By Peter Ambs, CIO, City of Albuquerque
Government tech strategy needs to start with a vision, which in turn, influences culture, and when vision and culture match, anything is possible. When innovative thinking is encouraged, broad sweeping change can occur on an institutional basis and this means we are providing better and more efficient services for all.
In today’s world the CIO’s job is no longer to command and control, but rather to cultivate and coordinate the actions of others at all levels of the organization. Technology is no longer confined to the data center, with IoT and distributed processing systems, we must enable and support technology platforms that are not necessarily under our control, but rather that are interconnected and providing awareness and data that provide real-time data for decision support and service level management.
When innovative thinking is encouraged, broad sweeping change can occur on an institutional basis and this means we are providing better and more efficient services for all
If every company is a tech company, then every governmental organization is also a tech organization. We live in a digital world and our citizens expect to interact with the government digitally, we need to provide our services when and how they are needed—digitally through online transactions in mobile and secure environments.
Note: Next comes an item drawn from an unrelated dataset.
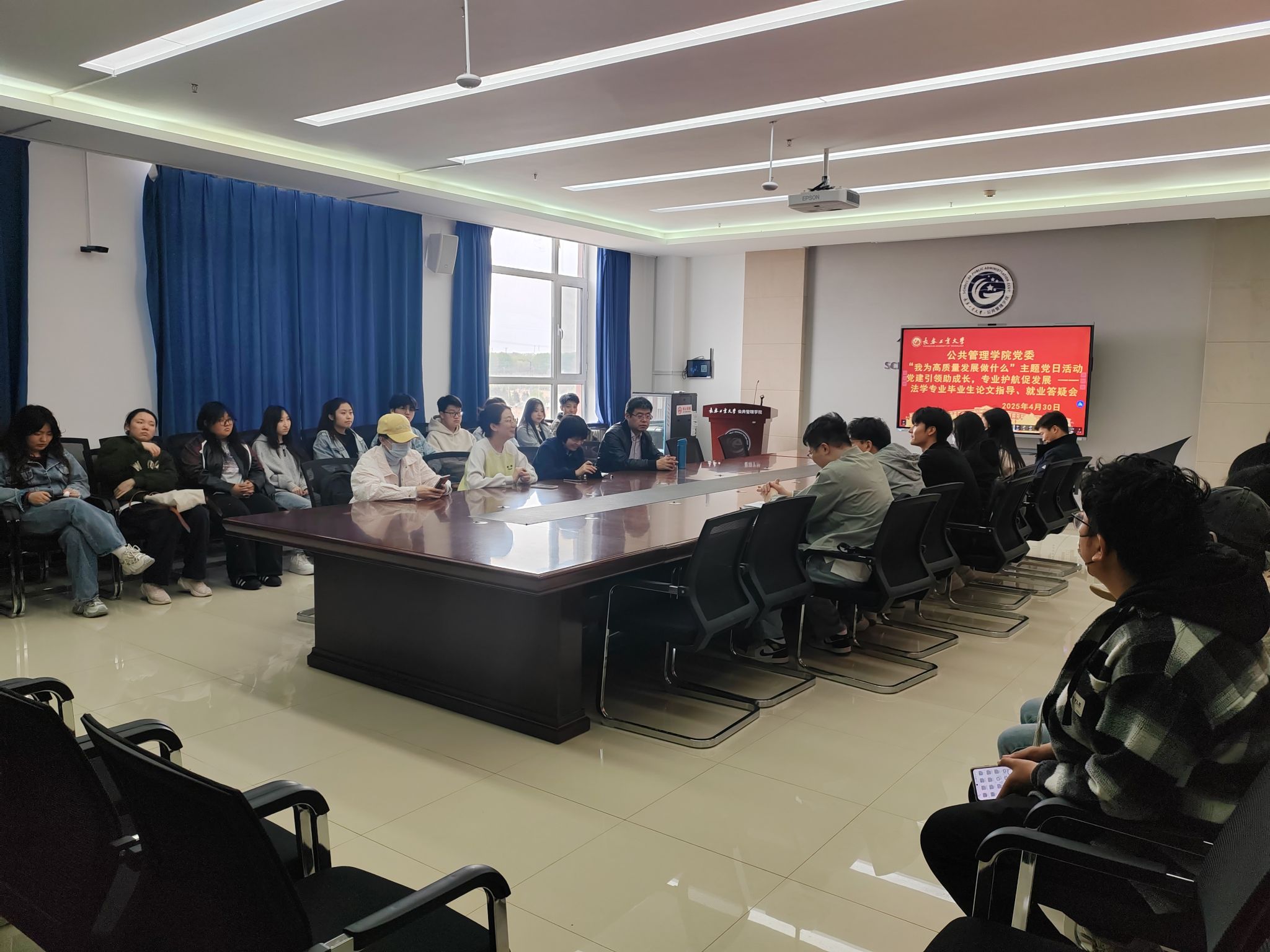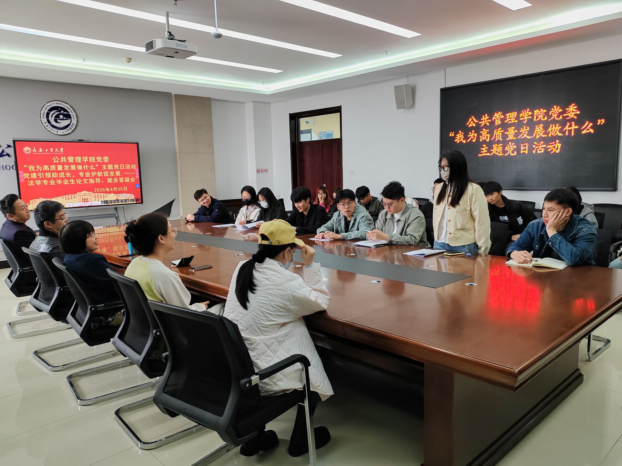党委紧扣“我为高质量发展做什么”主题,组织法学系党支部在北湖东区401会议室开展法学专业毕业生论文指导与就业答疑会。学院副院长冯娜、法学系党支部书记郭千钰、系主任宋浩及党员教师代表张雪峰、刘备,与法学专业本、研究生毕业生代表面对面交流,围绕毕业论文指导、就业政策解读等热点问题展开深度研讨,以实际行动践行党建与专业建设双融双促。

Data produced from these service routines can be used to measure effectiveness and improvement can occur to ensure optimized resource allocations. Open data and transparency provides for a more trusted government and this is central to service delivery. Open government is a priority and is defined and implemented through our City’s open data policy.
At the City of Albuquerque we are creating a city wide view of the future by executing on developed initiatives that have involved City Departments and constituent stakeholders. This involvement and planning sets the stage for future Smart City technologies. Future proofing current investments is critical as we embark on new public safety communications systems and smart street/LED lighting programs. Building in capacity now with an ubiquitous transport network will allow for voice, data, and video to be distributed and connected throughout the geographic expanse of city service buildings, traffic corridors, parks, and wherever sensors are deployed.
Certainly, before you can run, you need to walk. Building upon operational excellence, we have worked hard to identify and assess the legacy systems and ineffective business process that were creating a drag on the organization. From there, detailed technology roadmap was established and funding was secured based on ROI and financial pay-back prioritized models. Now that our various departmental line-of-business applications and enterprise applications are baselined and integrated, we can go after the fruit of innovation—online services, business intelligence, and mobile applications.
Now it’s time to prepare for the future, how do we incorporate block chain, IoT, artificial intelligence, and Smart City initiatives into a cohesive and citizen-centric service delivery model? Well, by practicing the same model that got us here, listening to our community and doing what is best in their interest through prudent and capable planning.
Our goal is to create a city-wide strategy for the use of Smart City technologies that is people-centered, problem-driven, and responsible.